Synapse: Why Avery's Memory Is Different
Most AI products - including wrappers around the major LLMs - suffer from what Zack calls the “genius with amnesia” problem. The model is impressive in the moment but forgets what you told it a week ago. ChatGPT retains roughly the last six conversations. Most products built on top of it inherit the same constraint.
Avery's proprietary technology, called Synapse, gives the AI genuine long-term and short-term archival memory. If you tell Avery that you want to avoid a certain tone, that your brand skews toward a specific audience, or that certain types of content have underperformed - it carries that forward indefinitely. Six months later, a simple question will be answered in light of everything the platform has learned about you and your business. The more you use it, the better the output gets, and the less context you have to re-explain.
Seed Strapping: The New Funding Model
Zack articulates a funding philosophy he calls “seed strapping” - raise a seed round to build momentum and find product-market fit, then stop raising and run the business efficiently.
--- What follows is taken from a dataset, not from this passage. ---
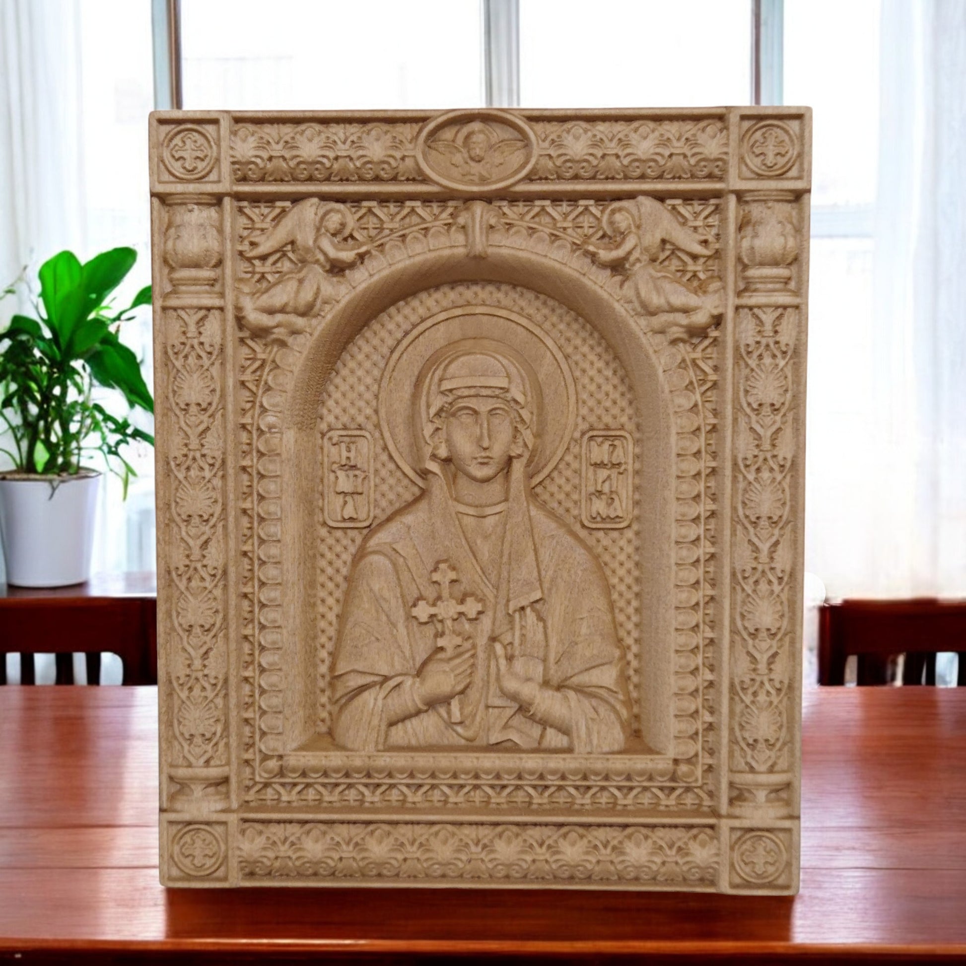 Θα θέλατε να κάνετε ένα μοναδικό δώρο; Δείτε την ξύλινη σκαλιστή εικόνα μας. Αυτό το υπέροχο έργο τέχνης είναι φτιαγμένο από φυσικό ξύλο φλαμουριάς. Είναι το τέλειο δώρο για κάθε περίσταση, θρησκευτική ή προσωπική.

You get enough capital to move fast, but you don't lock yourself into a perpetual round-a-year schedule that gradually dilutes your ownership to 2% by the time you exit.
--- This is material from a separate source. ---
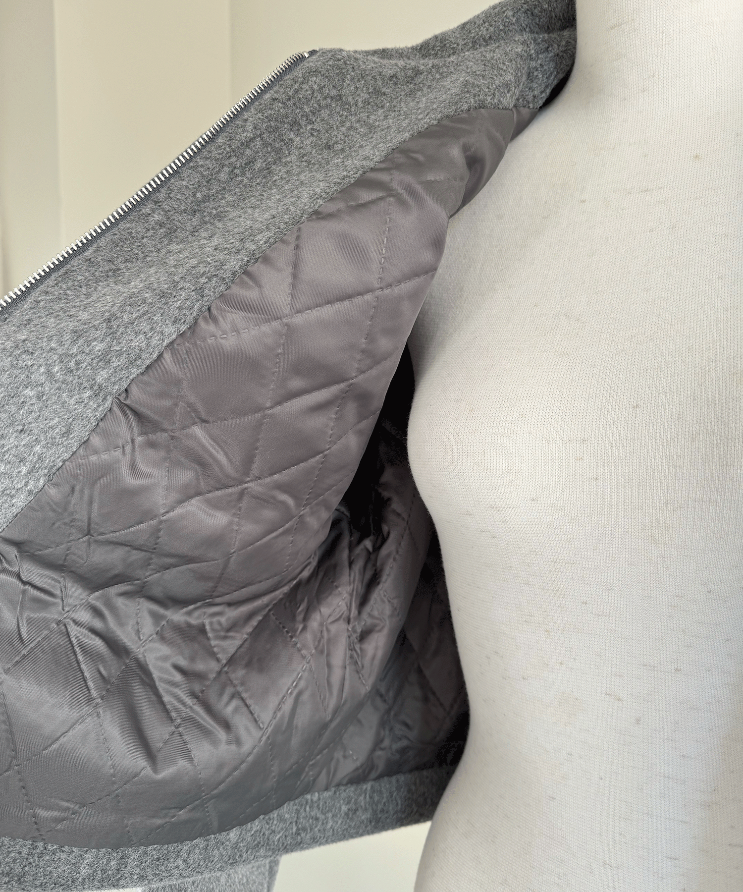 裏地がキルティングでブラッシュド生地の柔らかい新作ブルゾン。

His version of the goal: reach a place where he can pay investors 2x their investment as an annual dividend, own the business outright, and run Avery for 15 years if he wants to. His benchmark metric for whether this is working: revenue per employee. If that number is strong, profitability follows, you own your destiny, and you can raise, hold, or sell on your own timeline rather than because a term sheet forces your hand. He raised from past founders specifically - investors who understood this philosophy from day one.
His critique of the current startup culture is blunt: a founder announcing a $5M raise will get more likes on LinkedIn than a founder announcing $5M in profitable revenue. He wants to be the second guy.
Separating Founder Identity from Business Outcome
Zack's first venture-backed company failed in his early twenties, and the aftermath was a multi-year mental health struggle rooted in a single conflation: the company failed, therefore I failed, therefore I am a failure. When things were going well, he felt like the smartest person in the room. When things were going badly, he felt like the biggest idiot. Both reactions were wrong.
The shift he credits most is decoupling identity from outcome - building a founder brand around personal values and mission rather than around any single company. That way, if Avery succeeds or fails, Zack is still a founder. The identity survives the company. Stoic philosophy (Meditations, the Seneca letters) reinforced this framing: Marcus Aurelius was dealing with harder circumstances than any startup, and he found balance. The obstacles are the way.
His practical remedy for anxiety: sit down and start doing the work. Nobody has anxiety from actually doing the work. Anxiety comes from overthinking the work. Steven Pressfield's framing in The War of Art applies - the pro shows up every day and gets it done, regardless of whether yesterday was good or bad.
Growing Up in the Amazon: What It Built
From ages 5 to 12, Zack lived in a 200-person village in the Ecuadorian Amazon, where his parents worked for free - his father as a doctor, his mother as a social worker. He never wore shoes. His school had four other American kids and sixty Ecuadorians. The neighbor kept a pet sloth. His dad built a treehouse forty feet up in the canopy with a trapdoor, thatched roof, and hammocks. Capture the flag was played in the actual rainforest.
He arrived in the US at 13 with a perspective that doesn't come from growing up inside one culture. Problems were normal - there was no Target down the street, so a sister's birthday required a project plan and international supply chain. He started a shoe-shining business in Ecuador. The founder instinct was there from the beginning, he says, because he wanted to help people and saw business - not charity - as how he would do it.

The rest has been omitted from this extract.